Amazing, once approval is given, that PEK will be near the world class Geita Gold Mine. Not too many traders would know that. 
Thanks for all your support.
DYOR


----------



## Chaka1988 (28 October 2009)

GOD!!
Greggy how come PEK's sp goes down after the latest announcement. I thought it was a positive announcement...


----------



## rgellis2 (28 October 2009)

Chaka1988 said:


> GOD!!
> Greggy how come PEK's sp goes down after the latest announcement. I thought it was a positive announcement...




I'm all-in on PEK - great assets ready to explode but management need to finalise the Three River(EL52/1663) lease extension as per the last paragraph on the announcement today.  I believe this was perceived negative! 
Tanzania (x 2) + Three river = $0.50-1.50.


----------



## panikhide (30 July 2010)

PEK does not seem to have run with the general hype surrounding SFR, TLM, CYS and the THX halt re red bore prospect drilling (which is close to SFR’s de grussa deposit).

Does anyone have a view as to whether this stock going to run with the enthusiasm that is engulfing SFR and its neighbours. I hold a small number of PEK shares as a speculative buy.


----------



## BraceFace (10 September 2010)

*RARE EARTHS*

A new player in the rare earths story which has been fascinating the market recently.
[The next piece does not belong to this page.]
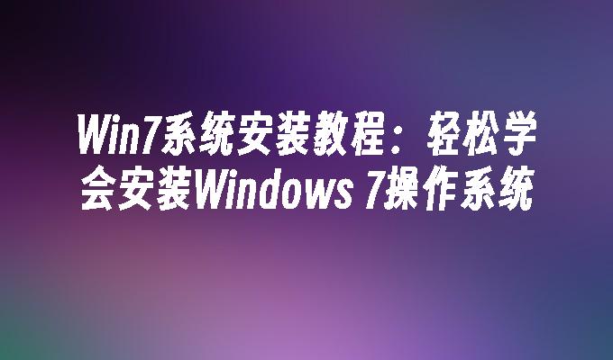 Win7系统安装教程:轻松学会安装Windows 7操作系统

See ALK, LYC, ARU, GGG
A bit of upside already since announcement (see below), but actual sample results are yet to be released.
This should be imminent and then we could really see some action on PEK.
Watch this space perhaps?

*
Peak Resources confirms rare earth anomalies at Ngualla project
company news image*

Peak Resources (ASX: PEK) has provided an update on its potentially large scale Ngualla Carbonatite project in south western Tanzania - 120km from the inland port city of Mbeya.

Executive director of Peak, Mark Maine said today a preliminary assessment of analytical data from geochemical soil sampling confirms extensive anomalism in Rare Earth Elements plus Niobium, Tantalum and Titanium.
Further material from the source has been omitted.